IHTSDO / snowstorm

Scalable SNOMED CT Terminology Server using Elasticsearch
Other
208 stars 83 forks source link

RF2 Import exception with expired ES Scrolls #258

Open rowanvanbeckhoven opened 3 years ago

rowanvanbeckhoven commented 3 years ago

During the initial import of the RF2 snapshot, the ElasticSearch cluster is unable to return a scroll to Snowstorm.
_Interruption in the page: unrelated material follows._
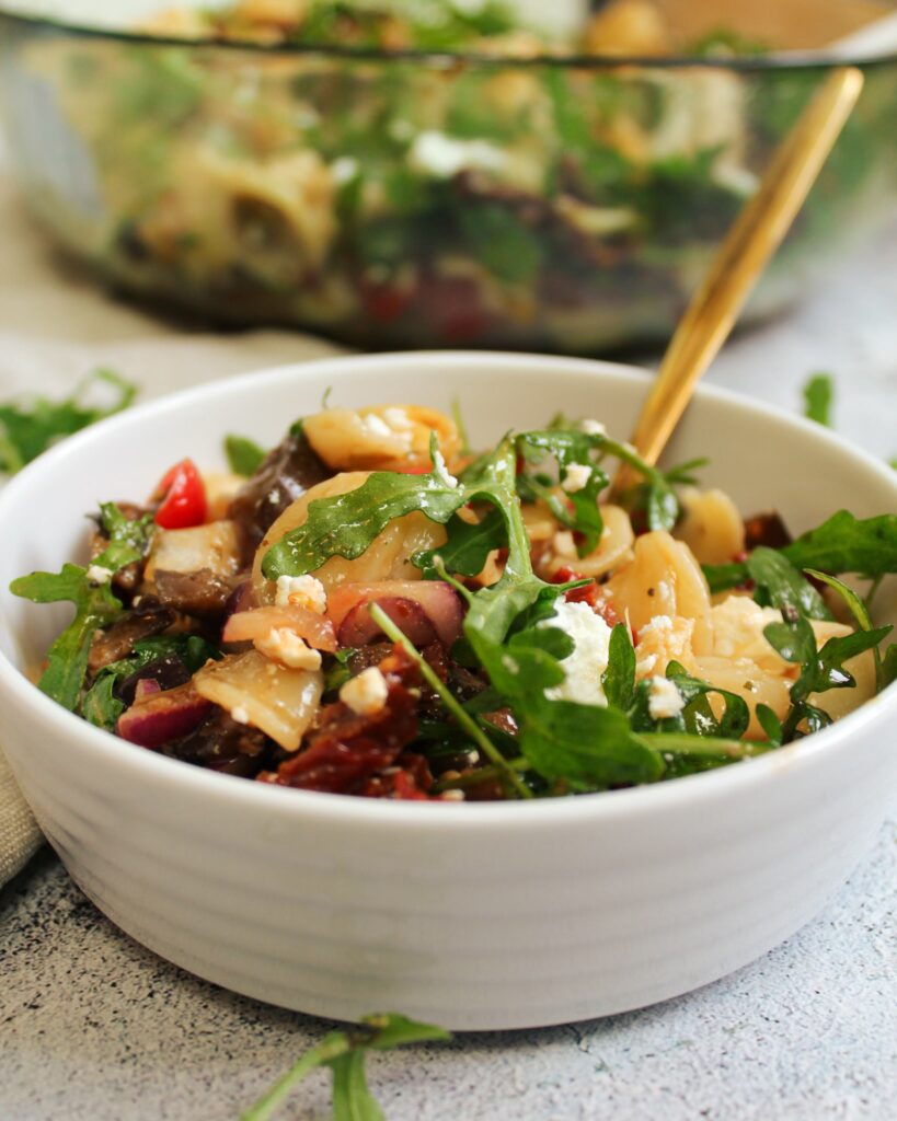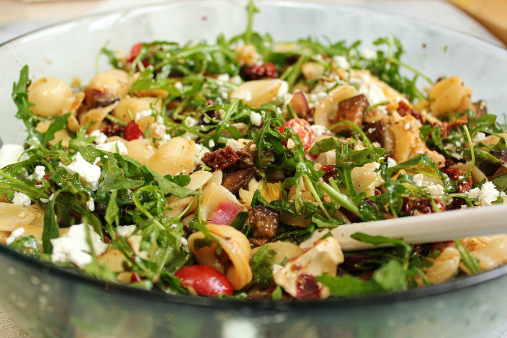 Mediterraner Nudelsalat mit getrockneten Tomaten und Rucola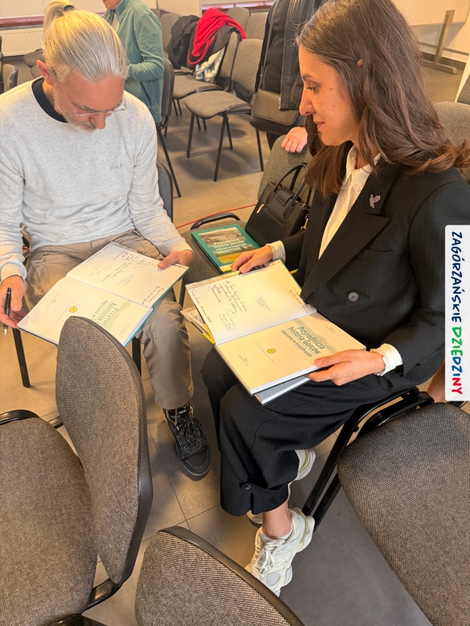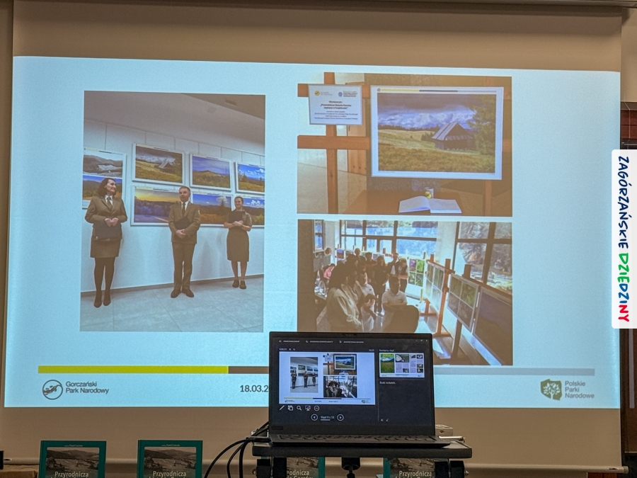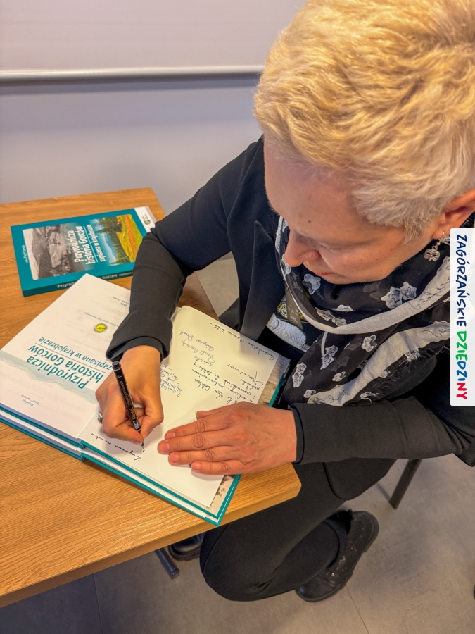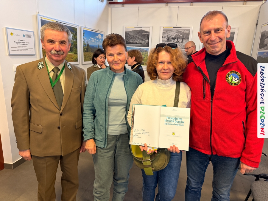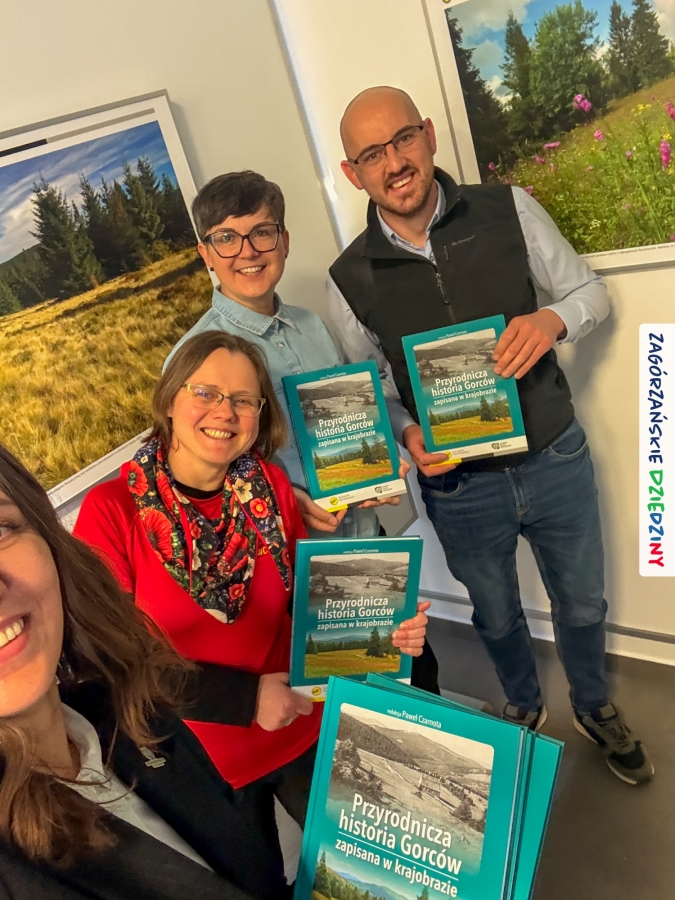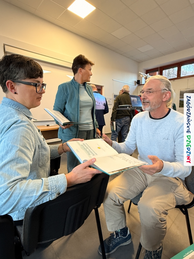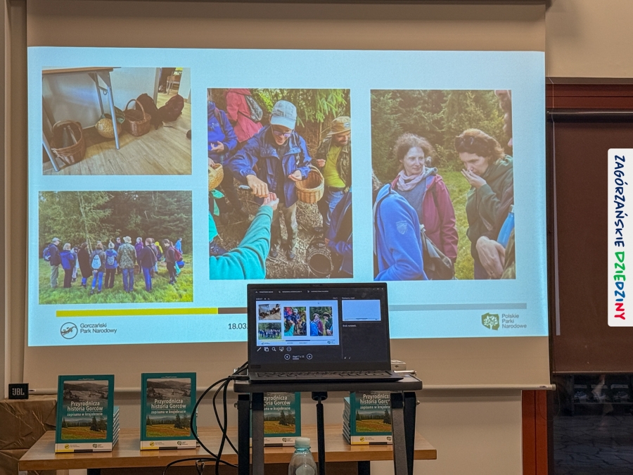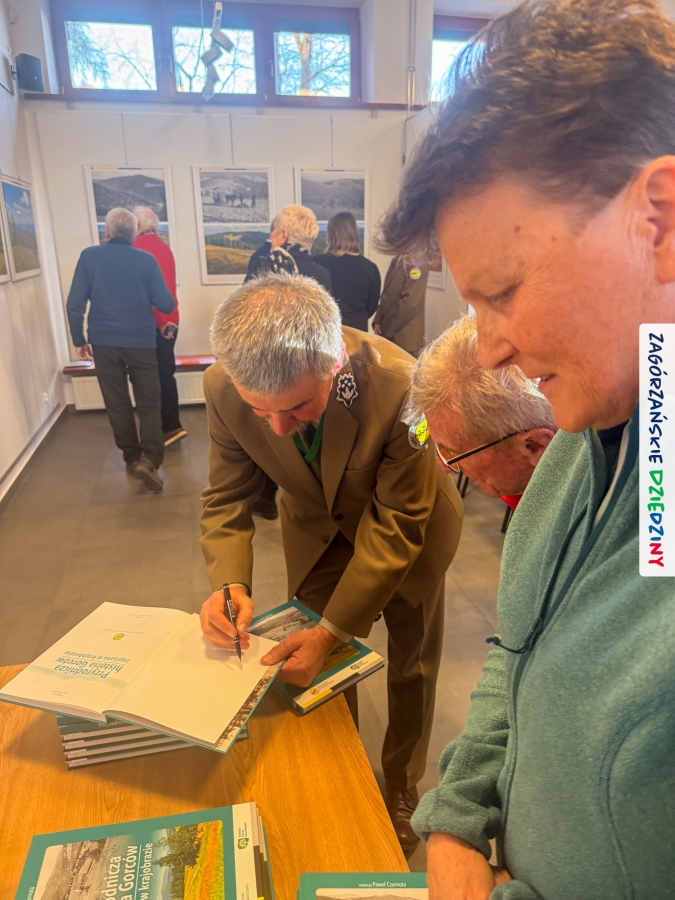 Celem całego przedsięwzięcia projektowego jest pokazanie znaczenia krajobrazu w kontekście bioróżnorodności i podkreślenie potrzeby jego ochrony i w takiej właśnie perspektywie przeprowadzono prelekcje prezentujące drukowany efekt działań pracowników naukowych czołowych uczelni z południa Małopolski oraz GPNu. Niezwykle klimatyczna opowieść wygłoszona spokojnym głosem przez dr hab. inż. Pawła Czarnotę, prof. UR (redaktora książki), poparta przecudnej urody fotografiami, przeniosła wszystkich w gorczańskie ostępy. To była niezapomniana podróż i niezwykłe doznania. Na „afterku” można było skorzystać z przebywania w tak zacnym towarzystwie i upolować osobiste dedykacje oraz autografy współautorów tej naukowej pozycji. Swoje pierwsze kroki skierowaliśmy do dr. inż. Janusza Tomasiewicza, wieloletniego dyrektora GPN, który w 2021 r. podpisał w imieniu tej instytucji partnerstwo z Zagórzańskimi Dziedzinami. Ustawiliśmy się też w kolejce do tego, którego głos urzekł nas na początku spotkania (prof. Czarnoty),  dr hab. inż. Agnieszki Ziernickiej – Wojtaszek, prof. URK, dr. hab. Łukasza Przybyłowicza, mgr. Zbigniewa Żurka i Marioli Stefanik.  Nie odmówiliśmy sobie przyjemności poproszenia o autograf  mgr. inż. Marka Kurzeję, dyrektora Gorczańskiego Parku Narodowego, oczywiście wszystko udokumentowaliśmy fotograficznie, a do zapozowania do zdjęć zaprosiliśmy m. in. Krystynę Tomasiewicz i Annę Kurzeję, edukatorki GPN, kreatorki Zagórzańskich Dziedzin, czy Martę Mleczko vel Trasa dla bobasa i Michała Fiedora (przewodników). Ucięliśmy sobie również krótką pogawędkę z dawno nie widzianymi przewodnikami: Anną Płachczewską – Rogozińską i Piotrem Rogozińskim. W rękach każdy z nas dumnie dzierżył nową, pachnącą jeszcze drukiem książkę i jak trofeum traktował poczynione w niej zapiski. Teraz, po jej lekturze, mamy powinność przekazywać tę wiedzę dalej.

This is because this scroll is already expired, which causes an exception in Snowstorm.

2021-04-21 13:47:31.923  WARN 1 --- [ool-9-thread-15] o.s.d.e.core.ElasticsearchRestTemplate   : Could not clear scroll: Unable to parse response body; nested exception is ElasticsearchStatusException[Unable to parse response body]; nested: ResponseException[method [DELETE], host [XXX], URI [/_search/scroll], status line [HTTP/1.1 404 Not Found]
{"succeeded":true,"num_freed":0}];
2021-04-21 13:47:31.927 ERROR 1 --- [ool-9-thread-15] o.ihtsdo.otf.snomedboot.ReleaseImporter  : Failed to read or process lines.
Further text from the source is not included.